Pre-clinical studies in mouse models have shown replenishment of the microglial compartment in the brains of animals when umbilical cord stem cells were transplanted via HSCT.

Proof-of-concept data from an open-label interventional Phase 2 clinical trial (NCT03674411) first demonstrated the efficacy of MGTA-456 in leukemia patients.

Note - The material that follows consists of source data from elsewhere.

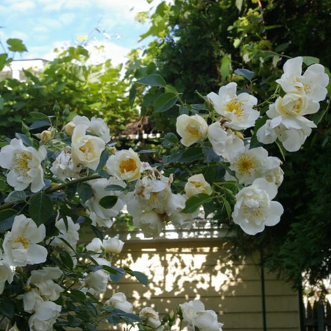半八重、オフホワイトの浅いカップ咲き。強健によく伸びる。半日陰可
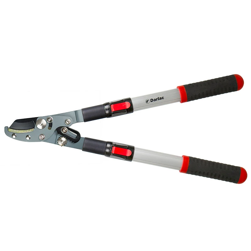 Denna kraftfulla beskärningssax med telekophandtag har en mycket smart utväxlingsmekanism med dubbel action som bidrar till ökad skärförmåga och gör de olika beskärningsjobben i trädgården enklare.
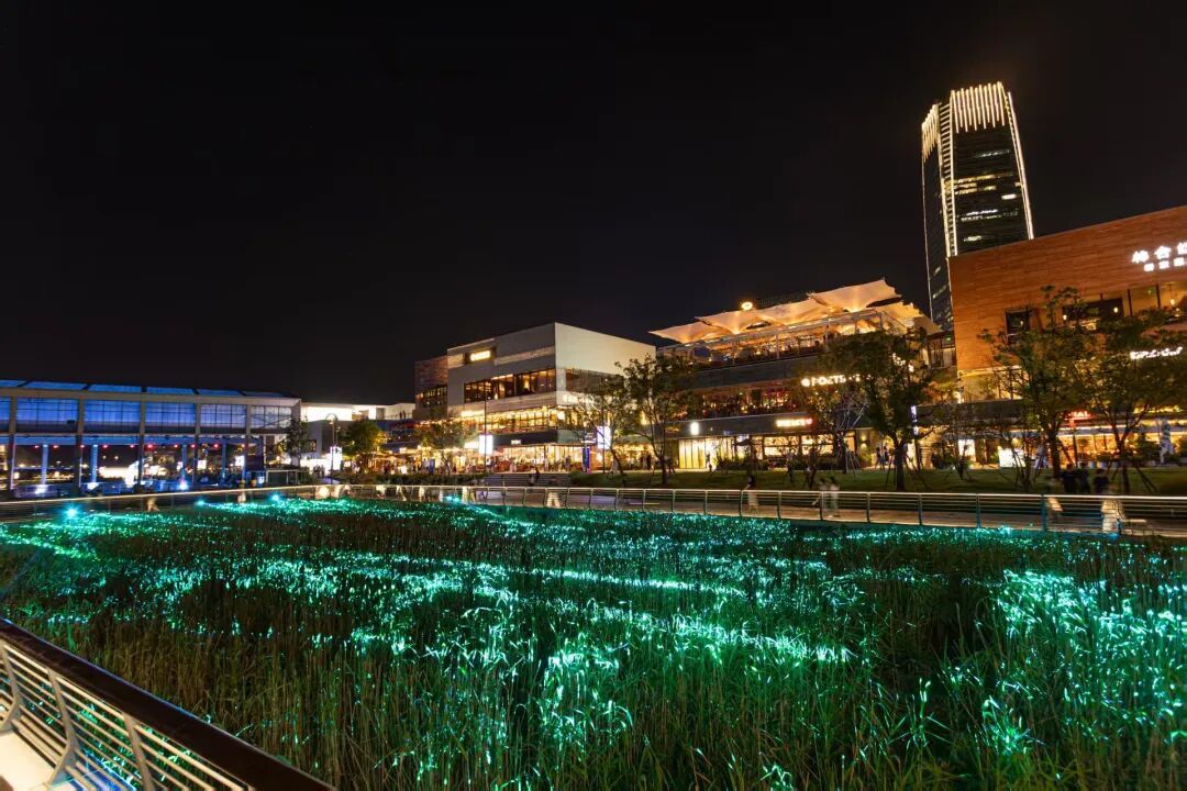 沿着江边步道漫步,抵达芦苇摇曳的亲水平台。激光点点如萤火轻盈舞动,《流萤》激光秀仿佛将夏末的银河揉碎在眼前。这里是拍照与放松的绝佳点位,静静站立片刻,便能收获一夜的温柔治愈。
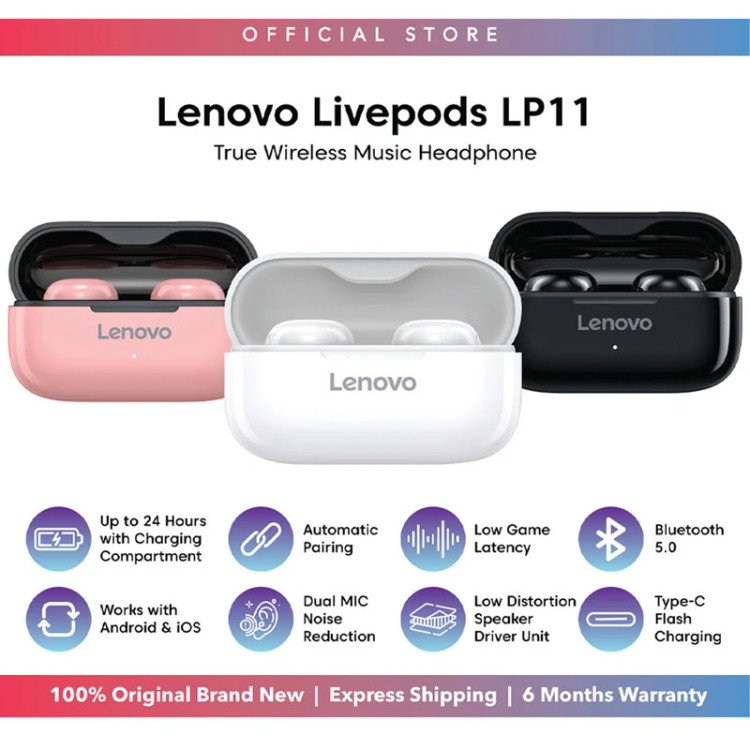 امروزه هندزفری ها نیاز های ضروری هر شخص میباشد بیشتر افراد در طول روز به مکالمه میپردازند و برای آرامش خود به موسیقی گوش میدهند که استفاده از هندزفری از نوع سیمی مشکلاتی را ایجاد میکنند مثل گره خوردن و فرسودگی کابل. نسل جدید هندزفری های بی سیم این مشکل را حل کرده است. هندزفری LP11 محصول شرکت لنوو (Lenovo) میباشد.هندزفری Lenovo LivePods LP11 دارای یک داک شارژ و دو ایرباد میباشد که با قرار دادن هر کدام از ایربادها داخل داک شارژ علاوه بر نگهداری و حفاظت میتوانید آنها را شارژ کنید سر ایربادز از نوع داخل گوش طراحی شده و به درستی در گوش قرار میگیرد به دلیل وزن کم آن بدون هیچ مزاحمتی میتوانید به مدت طولانی استفاده کنید. هندزفری لنوو LP11 که ظرفیت باتری داک شارژ 300 میلی آمپر و هر کدام از ایرباد ها 40 میلی آمپر میباشد با شارژ کامل ایربادها میتوانید به مدت 3 ساعت از آنها در حالت موزیک استفاده کنید و در حالت مکالمه بصورت میانگین 48 ساعت قابل استفاده میباشد. شما همچنان میتوانید جندین بار این ایربادها را با داک همراه شارژ کنید این تست انجام شده با حجم صدای ۵۰ درصد میباشد که در شرایط مختلف میتواند متفاوت باشد.بر روی گوشی های هندزفری کلید لمسی وجود دارد که کاربردهای زیادی را برای کاربر فراهم میکند. که میتوانید به مدیریت تماس ها و موسیقی بپردازید. هندزفری Lenovo LP11 از بلوتوث نسخه ۵.۰ پشتیبانی میکند که باعث می شود اتصال پایدار تر و سریع تر داشته باشد و همچنین مصرف باتری را کاهش دهد.
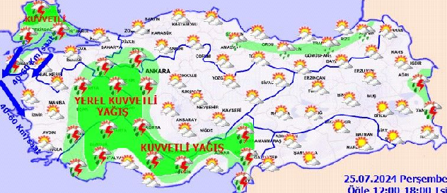 Meteoroloji Genel Müdürlüğü olarak yapılan değerlendirmelere göre, yurt genelinde parçalı ve yer yer çok bulutlu, Trakya, İç Ege, İç ve Doğu Akdeniz, İç Anadolu’nun batısı, Doğu Karadeniz'in iç ve yüksek kesimleri, Çanakkale, Bilecik, Bolu ve Ordu çevreleri ile Van'ın kuzey ve doğu kesimlerinin yerel sağanak ve gök gürültülü sağanak yağışlı geçeceği tahmin ediliyor. Yağışların; İç ve Doğu Akdeniz, İç Anadolu’nun batısı, İç Ege, Edirne, Kırklareli ve Karaman çevreleri ile Hatay kıyılarında yerel kuvvetli olması bekleniyor.
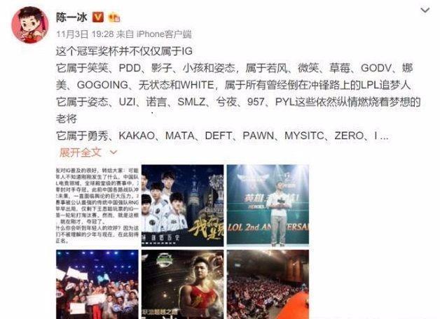 小编求了度娘才知道原来这里面还颇有些渊源,在2018年的11月份,iG 在LPL赛区以3:0击败外国强敌fnc首次夺得S级系列赛总冠军的好消息马上传遍全国,这是《英雄联盟》这款多人对战游戏发布七年多以来,首次获得此殊荣。而此时陈一冰发表文章。称iG的辉煌成就不单单属于iG,而是将此荣耀归功于所有在这条路上不断奋斗的人,当凑巧其中就提到了uzi。
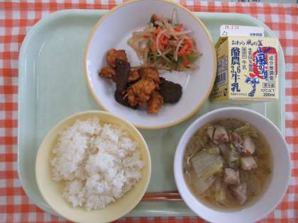 今日の献立は、ごはん、豚肉とレバーのカレー風味、ナムル、たら汁、牛乳です。
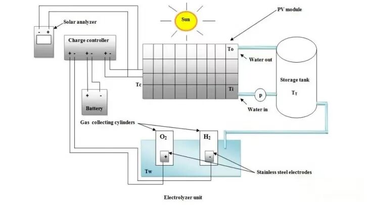 該系統利用光伏(PV)電池產生的電能驅動電解槽分解水。其核心原理如圖所示:
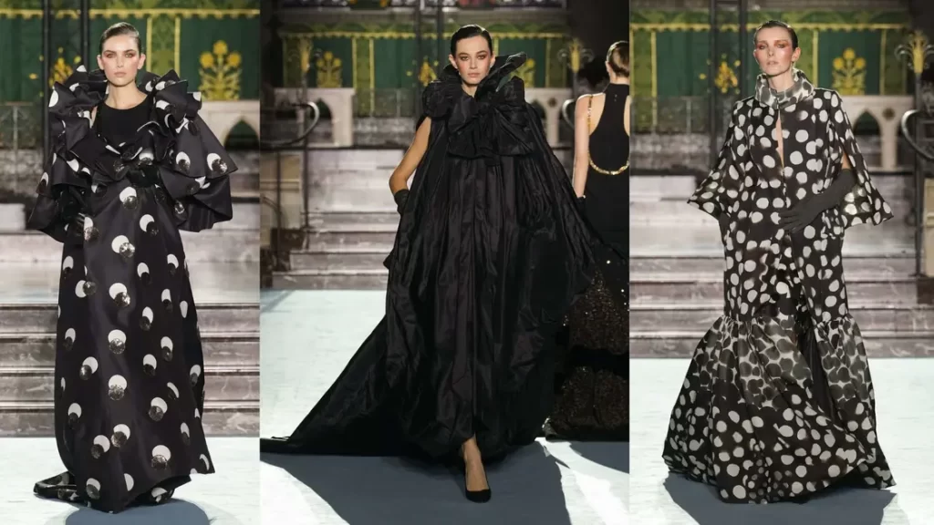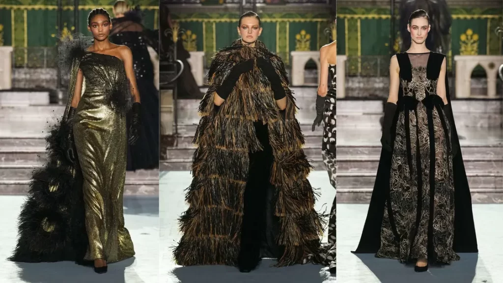 تضمّنت هذه المجموعة معاطف ذات طابع استعراضي يتميّز بفخامته وبإضفائه انطباعاً مسرحياً مع كل حركة. وقد ترافق بعضها مع ذيل عزّز التأثير الدرامي، وجاء بعضها الآخر مستوحى في خطوطه من أناقة خمسينيّات القرن الماضي. استعان المصمم بالتطريز ليزيد من حيوية الإطلالات عبر أنماط متنوّعة تخلق حواراً بصرياً آسراً وتُضيف بُعداً وغنى إلى الأقمشة الفاخرة كما تُزيّنها بخطوط وأزهار تُظهر إبداع العمل اليدوي في الدار.
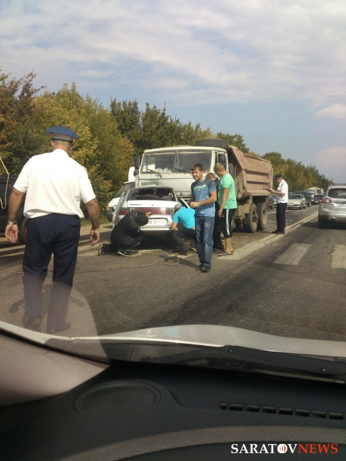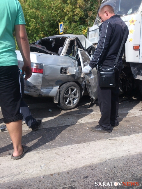 Сегодня около полудня под Саратовом на Усть-Курдюмском шоссе произошло серьезное лобовое столкновение легковушки с грузовиком. Водитель "десятки" двигался из центра и задел ехавший впереди "Ford Fusion". От этого машину повело, она выскочила на встречку и врезалась лоб в лоб с несущимся "КамАЗом". Не смотря на то, что машину буквально смяло, водитель остался жив. Как уточнили в центре медицины катастроф Saratovnews, мужчину с тяжелейшими травмами увезла "скорая помощь". О других пострадавших ничего не известно, однако, со слов специалистов, пассажиров в отечественной легковушки не было. Сейчас на месте происшествия работают сотрудники ГИБДД.
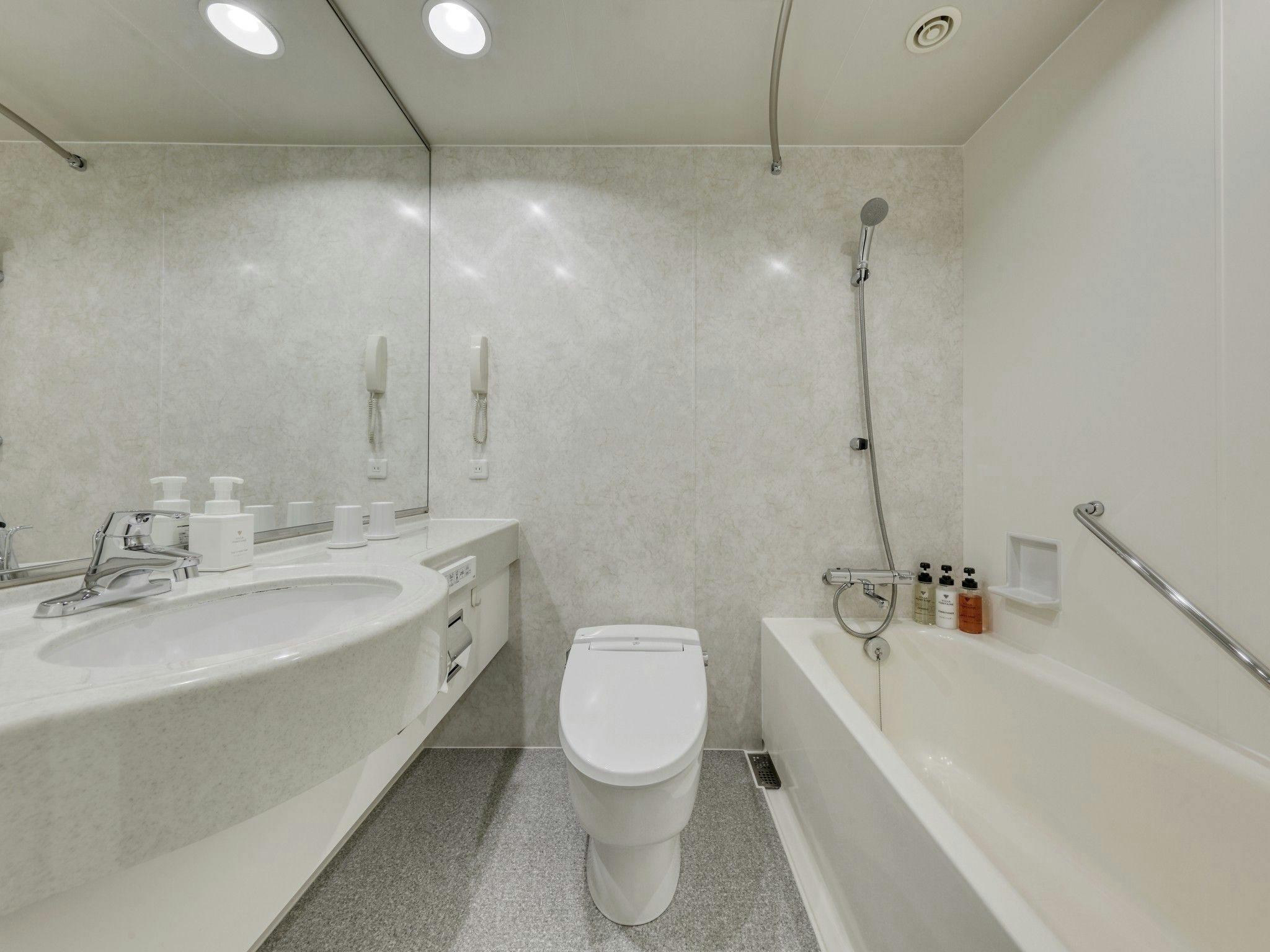 洗い場付の広々としたバスルームはお仕事や観光で疲れた体をゆったりお休みいただけます。

Now, a single-arm, open-label Phase 2 clinical trial (NCT03406962) is underway to evaluate the efficacy of MGTA-456 in inherited metabolic disorders such as Hurler syndrome, metachromatic leukodystrophy (MLD)globoid cell leukodystrophy (GLD), also known as Krabbe disease, and childhood cerebral ALD (CALD). Preliminary results presented at the American Society of Hematology (ASH) meeting in 2018 showed positive data from four patients, two with Hurler syndrome and one with CALD. These patients also showed good tolerance to high doses of MGTA-456, with the only reported adverse events being nausea and vomiting.

However, there was a safety concern in the administration of MGTA-456 in Hurler syndrome patients, as they were seen to develop autoimmune cytopenia, which resulted in one death. Magenta Therapeutics said the fatality was not related to MGTA-456, citing consultations with experts.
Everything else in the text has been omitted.